Nowadays narrow geopolitics and anti-imperialist discourses have often been used as an ideological veil, which can mask nationalist and authoritarian sentiments. This does not mean that imperialism is a thing of the past and one can talk of it only in order to hide more sinister reasons. It is more than evident that global superpowers still exercise hegemony over the rest of the world.

But there is a very specific problem in contemporary narrow anti-imperialism: it interprets politics only through the lens of relations between nation-state formations and excludes inner-social dynamics. In this line of thought statecraft is being perceived as the only legitimate form, which must persist even if the price is social oppression. The main question becomes the resistance to Western powers, rather than what organizational form such struggles aim at. Often, we are being served vague concepts of anti-capitalism and socialism, which however doesn’t overpass the nation-state and the paradigm of unlimited economic growth.

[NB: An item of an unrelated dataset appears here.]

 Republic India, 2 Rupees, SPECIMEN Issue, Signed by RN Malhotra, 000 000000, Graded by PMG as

Authoritarian leaders and dictators are often more than happy to exploit this type of anti-imperialism and rally international support for their regimes. As Bookchin writes, when “Third World” national liberation movements in colonial countries have made conventional avowals of socialism and then proceeded to establish highly centralized, often brutally authoritarian states, the Left often greeted them as effective struggles against imperialist enemies. […] [D]espite the populist and often even anarchistic tendencies that gave rise to the European and American New Left, it’s essentially international focus was directed increasingly toward an uncritical support for “national liberation” struggles outside the Euro-American sphere, without regard for where these struggles were leading and the authoritarian nature of their leadership.[2]

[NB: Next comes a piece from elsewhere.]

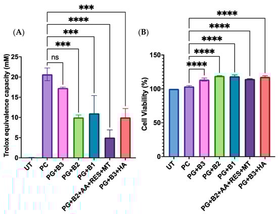 (A) Trolox equivalent capacity (mM) (3 technical replicates), whereby untreated control, positive control (Trolox), and proniosome gel formulations were compared to the standard, Trolox, according to the ab65329 total antioxidant capacity assay kit (colorimetric) protocol [32]. (B) Cell viability (%) of HaCaT cells after 72 h of incubation (n = 3). One-way ANOVA; p > 0.05 (ns: not significant), p ≤ 0.001 (***), and p ≤ 0.0001 (****). PG+B2+AA+RES+MT: 1% of berberine, 1% of ascorbic acid, 1% of resveratrol, and 2% of menthol w/w for proniosome gel. PG+B3+HA: 1.75% of berberine and 1.75% of hyaluronic acid w/w for proniosome gel. PG+B3: 1.75% of berberine w/w for proniosome gel. PG+B2: 1% of berberine w/w for proniosome gel. PG+B1: 0.5% of berberine w/w for proniosome gel.

Like classical ideologies, narrow geopolitical anti-imperialism continues to live in the epoch in which it initially developed. Many who share such views support Russia, China or Iran as if they still live in the Cold War era and there is still an opposing communist bloc. Their anti-imperialist ideology makes them blind for the imperialist actions of the powers they cheer for. For example, as Gershom Gorenberg notes, Russia's imperialist goal of extending its power into what were once Ottoman lands began before 1917, carried on in Soviet days with an ideological overlay, and continues today [3]. As an ideology, narrow anti-imperialism is becoming tool in the hands of nation-states, which seek to expand their influence and power. Cornelius Castoriadis, when suggesting that communism in its realized state[…] destroyed the workers’ movement of other countries by subordinating that movement to Russia’s imperialist policy [4], exemplifies how classical ideologies have been used to make popular movements serve imperialist goals.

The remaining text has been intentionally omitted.